何寶安理也不理,大步走了。那年輕男子隨緊其右。李維思和錢雪芳也跟着後面。
來到茶藝館,他們找了個安靜的地方坐下。何寶安要了一壺西湖龍井,又點了幾樣小喫,招呼李維思和錢雪芳喫。
李維思說:“何總,我沒想到你這麼快就能出來,恭喜你!”
何寶安嘴角邊浮起一絲笑意:“我也沒想到能這麼快獲釋,法院判了我10年徒刑,如果真要坐10年牢,我得到21世紀才能和你們見面,等出獄時我也老了。不過,我何某畢竟在世面上混了那麼多年,也不是喫素的,入獄沒多久,我就被評爲先進犯人,接着又宣佈我減刑,隨後我又保外就醫,再過不久我就獲釋了,如今是真正的自由人。”
李維思不禁暗暗佩服:“何總真是神通廣大,不知你使的是什麼招數?”
何寶安眼神又變得輕蔑:“不是我神通廣大,是錢能通神。

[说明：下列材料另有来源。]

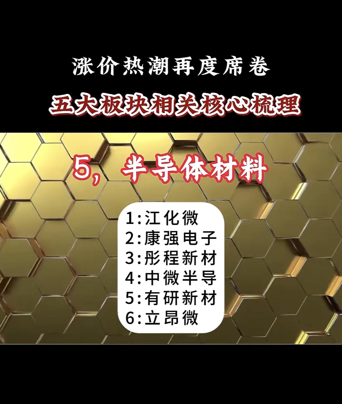 贵金属板块大涨,湖南白银、白银有色领涨,四川黄金、赤峰黄金跟风,湖南黄金、招金黄金同步攀升。 半导体材料五大龙头公司梳理,投资机会大揭秘!

爲了早點獲釋,我總共花了20多萬!我是因爲想賺錢才栽進去的,到頭來又是錢救了我。現在我也算悟出來了,在中國,只要錢點到了,沒有他媽的辦不成的事。李老弟,今天你來看我,我很感謝。兄弟我剛出來,手頭比較緊,沒有什麼可以答謝你的。但我送你一句忠告:任何時候都不要忘記賺錢,有錢纔是老大!”
“是,是。”李維思連連點頭,又問:“何總常來京城?”
何寶安隱隱有些無奈:“深圳那地方是不能呆了,這倒不是因爲我在那裏翻了船,深圳確實不像前些年好賺錢了。現在是京城好賺錢,尤其是中關村,多少人一夜暴富呵。所以我決定移師京城,到京城開闢一個新天地。”
李維思又是一驚:“這麼說你常駐京城了?”
何寶安嘿嘿乾笑一聲:“往後我們可是低頭不見抬頭見了,李老弟可要關照幾分呀。”
“你在京城做什麼生意?”
何寶安立即警覺起來,用審視的眼神看了他一眼,含糊地說:“我是倒計算機起家的,老行當不能丟。不是有人說嗎,在哪裏跌倒,就得在哪裏站起來。”
李維思見他遮遮掩掩,心裏覺得奇怪,做電腦生意有什麼可保密的,何寶安怎麼吞吞吐吐?正想多問幾句,何寶安卻轉變話題,說:“我看李老弟眉宇間有股濁氣,缺少點喜色,好像心事繁亂,不知你近況如何?”
李維思便把自己的近況說了大概。
何寶安聽罷,拉過他的左手,看了看他的掌紋,又端詳他的臉,半晌問:“你是屬什麼的?”
“屬虎,62年生的。”
“幾月份生的?”
“農曆四月。”
何寶安似有所悟地點點頭:“這就對了,屬虎的人一生比較坎坷,往往會大起大落。四月出生的虎,運氣倒不會差,但波折較多。依我看,你的運勢正處於上升階段,晦氣也是暫時的,日後還會有飛黃騰達的時候。不過,你得有貴人相助纔行啊。”
李維思便問:“我到哪兒去找貴人?”
何寶安很詭祕的樣子:“貴人是可遇而不可求的,不是說找就能找到。”
李維思舒了口氣,沉默了。
何寶安給他寫了個手機號碼,道:“這麼多年了,李老弟還惦念着我,確實夠朋友。我算不上貴人,但你記住,我何寶安還是何寶安,日後老弟你有什麼事需要我幫忙,不必客氣,儘管說。今天我還有點別的事,告辭了!”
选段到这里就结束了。